## Data provided
_ _ _

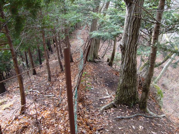 尾根に設置されたネット沿いに進んだところ、道が途切れており、30m程後退した。
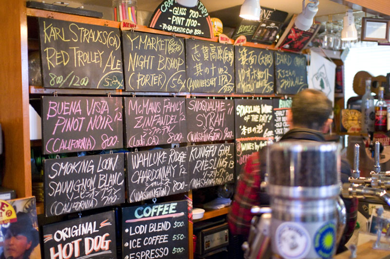Located above Nakano-Sakaue subway station, Lodi serves both domestic microbrew beers (with a rotating selection of five on tap), and American wines (with six by the glass). At lunchtime (weekdays only) they serve gourmet coffee.
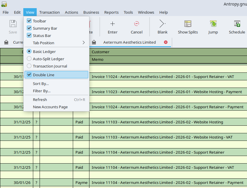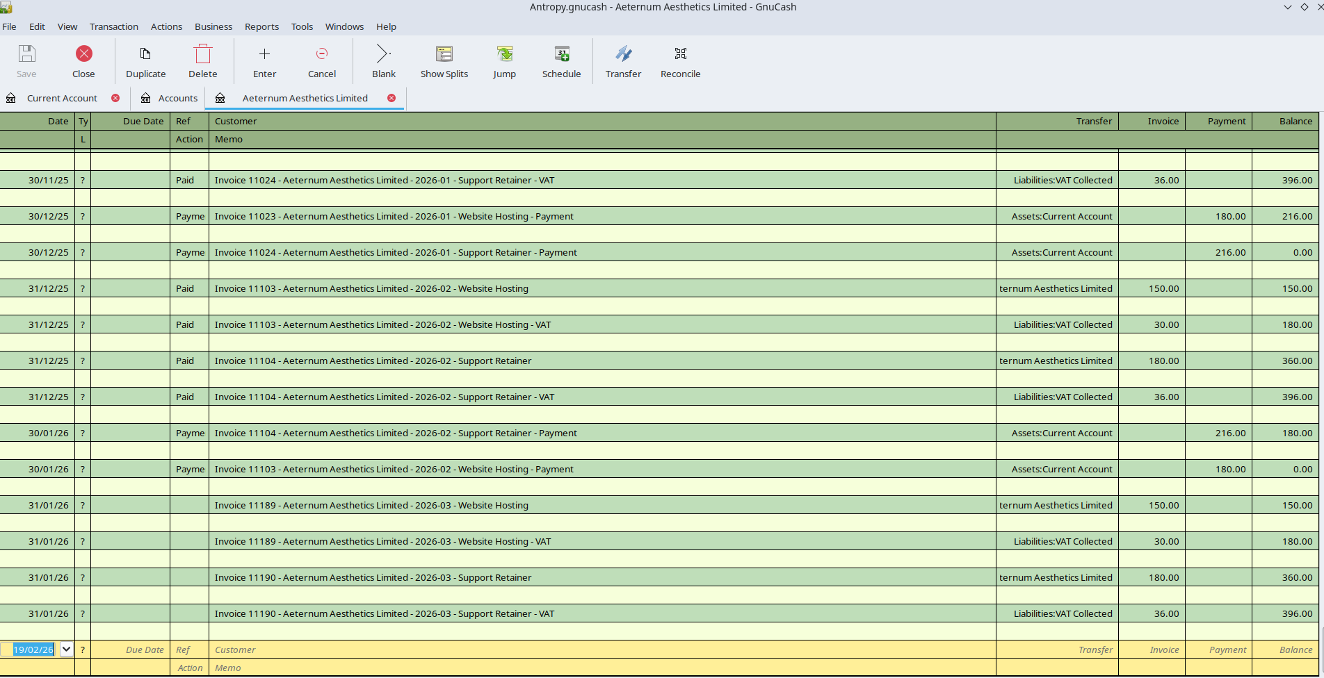 Name: 2026-02-19 GnuCash - Assets - Accounts Receiveable - Client Account.png
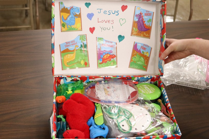 “What’s really cool about this is that it is a two-fold ministry,” Kathy Moore shared. “Operation Christmas Child provides these boxes filled with toys, school supplies and personal toiletries, but they also share the Gospel.”

_ _ _

Omit the pictures, then quote the rest of the material above exactly.

 尾根に設置されたネット沿いに進んだところ、道が途切れており、30m程後退した。
Located above Nakano-Sakaue subway station, Lodi serves both domestic microbrew beers (with a rotating selection of five on tap), and American wines (with six by the glass). At lunchtime (weekdays only) they serve gourmet coffee.
 Name: 2026-02-19 GnuCash - Assets - Accounts Receiveable - Client Account.png
 “What’s really cool about this is that it is a two-fold ministry,” Kathy Moore shared. “Operation Christmas Child provides these boxes filled with toys, school supplies and personal toiletries, but they also share the Gospel.”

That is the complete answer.